DIRECTIONS → Using the listing below, set down each line from the line containing "Gambar 1. Kegiatan" through the line containing "Yayasan Pendidikan Islam", both ends included, exactly and with nothing added.

*** RECORDS SHOWN Section Begins ***

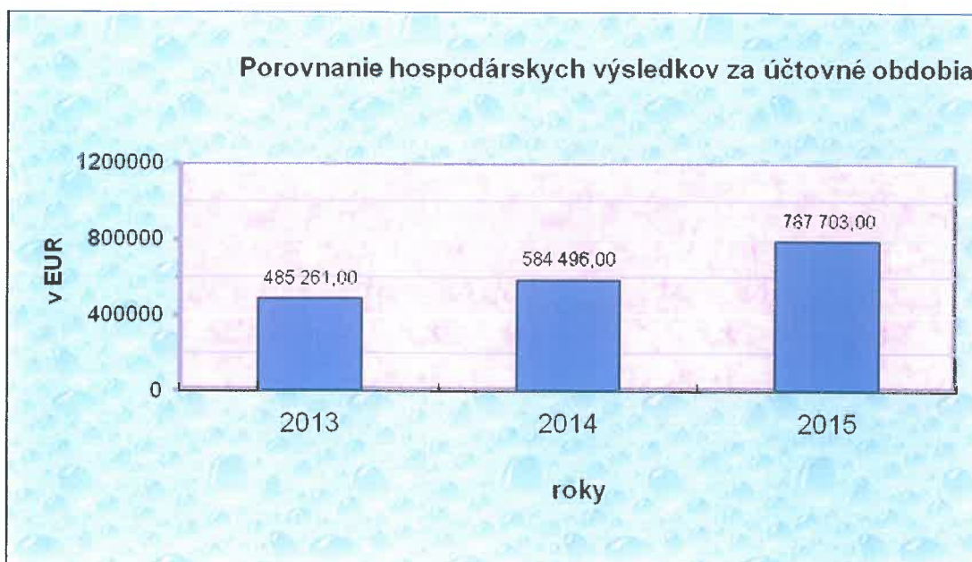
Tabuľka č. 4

*** RECORDS SHOWN Section Ends ***
*** RECORDS SHOWN Section Begins ***

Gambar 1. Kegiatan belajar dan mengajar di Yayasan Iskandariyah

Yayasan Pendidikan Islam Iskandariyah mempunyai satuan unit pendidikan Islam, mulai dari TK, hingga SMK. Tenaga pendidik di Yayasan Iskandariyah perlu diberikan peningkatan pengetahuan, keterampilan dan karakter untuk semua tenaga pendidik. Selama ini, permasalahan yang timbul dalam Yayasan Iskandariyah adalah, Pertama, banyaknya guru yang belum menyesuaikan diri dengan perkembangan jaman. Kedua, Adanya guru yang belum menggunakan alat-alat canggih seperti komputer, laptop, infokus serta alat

*** RECORDS SHOWN Section Ends ***

ANSWER TO THE EXERCISE →
Gambar 1. Kegiatan belajar dan mengajar di Yayasan Iskandariyah

Yayasan Pendidikan Islam Iskandariyah mempunyai satuan unit pendidikan Islam, mulai dari TK, hingga SMK. Tenaga pendidik di Yayasan Iskandariyah perlu diberikan peningkatan pengetahuan, keterampilan dan karakter untuk semua tenaga pendidik. Selama ini, permasalahan yang timbul dalam Yayasan Iskandariyah adalah, Pertama, banyaknya guru yang belum menyesuaikan diri dengan perkembangan jaman. Kedua, Adanya guru yang belum menggunakan alat-alat canggih seperti komputer, laptop, infokus serta alat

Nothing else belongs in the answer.